PROMPT: Once the line holding "04月15日,北辰实业收报1" is found in the entries below, transcribe exactly every line up to and including the one holding "Szafa Canaris 12", but leave out the pictures.

DATA PROVIDED:
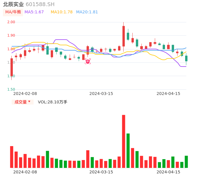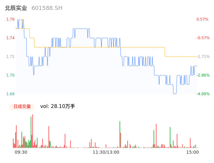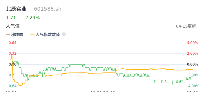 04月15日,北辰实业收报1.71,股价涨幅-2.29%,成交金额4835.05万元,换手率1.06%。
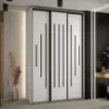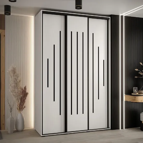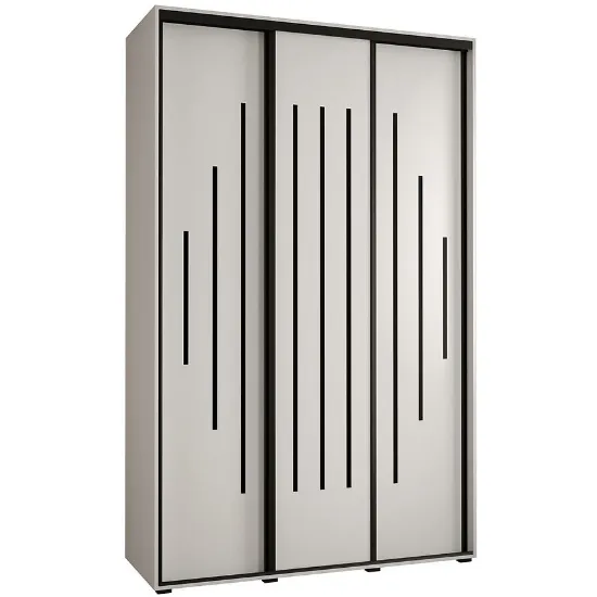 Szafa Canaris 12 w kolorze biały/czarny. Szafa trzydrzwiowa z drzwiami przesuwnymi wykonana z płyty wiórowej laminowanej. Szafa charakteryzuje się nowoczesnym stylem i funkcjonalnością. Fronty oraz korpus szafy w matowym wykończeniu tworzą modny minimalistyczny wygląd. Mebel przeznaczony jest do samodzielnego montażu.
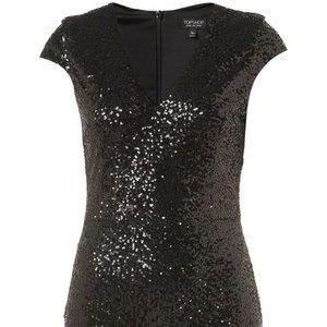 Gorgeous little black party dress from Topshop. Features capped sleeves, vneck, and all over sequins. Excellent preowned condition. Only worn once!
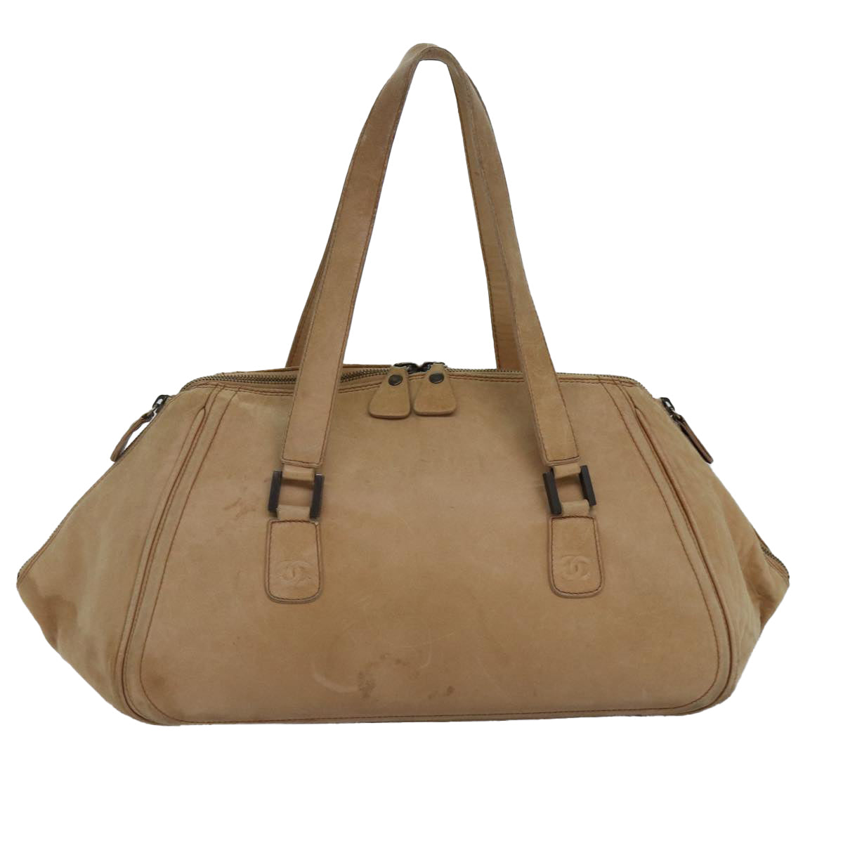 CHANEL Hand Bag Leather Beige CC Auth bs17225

==

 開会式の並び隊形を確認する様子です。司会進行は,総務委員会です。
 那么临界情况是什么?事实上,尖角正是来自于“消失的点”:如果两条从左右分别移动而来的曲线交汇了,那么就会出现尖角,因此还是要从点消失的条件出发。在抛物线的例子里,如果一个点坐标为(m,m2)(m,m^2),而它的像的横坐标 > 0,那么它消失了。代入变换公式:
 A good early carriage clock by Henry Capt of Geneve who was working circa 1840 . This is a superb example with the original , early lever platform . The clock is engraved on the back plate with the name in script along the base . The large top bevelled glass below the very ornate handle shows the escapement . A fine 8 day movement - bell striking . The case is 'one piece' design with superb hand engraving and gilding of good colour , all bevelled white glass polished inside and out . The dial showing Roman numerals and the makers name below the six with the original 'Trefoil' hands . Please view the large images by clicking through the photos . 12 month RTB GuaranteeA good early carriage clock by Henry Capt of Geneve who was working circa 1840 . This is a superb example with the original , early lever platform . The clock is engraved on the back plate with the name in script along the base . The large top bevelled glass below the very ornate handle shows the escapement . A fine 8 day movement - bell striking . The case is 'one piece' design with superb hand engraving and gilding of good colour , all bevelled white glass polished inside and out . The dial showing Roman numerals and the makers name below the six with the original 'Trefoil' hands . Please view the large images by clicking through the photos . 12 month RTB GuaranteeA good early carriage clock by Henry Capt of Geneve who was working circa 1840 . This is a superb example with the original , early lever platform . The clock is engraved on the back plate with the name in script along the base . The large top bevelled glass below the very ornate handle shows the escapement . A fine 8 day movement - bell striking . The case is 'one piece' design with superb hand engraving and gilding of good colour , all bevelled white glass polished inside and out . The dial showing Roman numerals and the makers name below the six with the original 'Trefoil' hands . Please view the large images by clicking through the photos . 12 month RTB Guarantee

RESPONSE:
 04月15日,北辰实业收报1.71,股价涨幅-2.29%,成交金额4835.05万元,换手率1.06%。
 Szafa Canaris 12 w kolorze biały/czarny. Szafa trzydrzwiowa z drzwiami przesuwnymi wykonana z płyty wiórowej laminowanej. Szafa charakteryzuje się nowoczesnym stylem i funkcjonalnością. Fronty oraz korpus szafy w matowym wykończeniu tworzą modny minimalistyczny wygląd. Mebel przeznaczony jest do samodzielnego montażu.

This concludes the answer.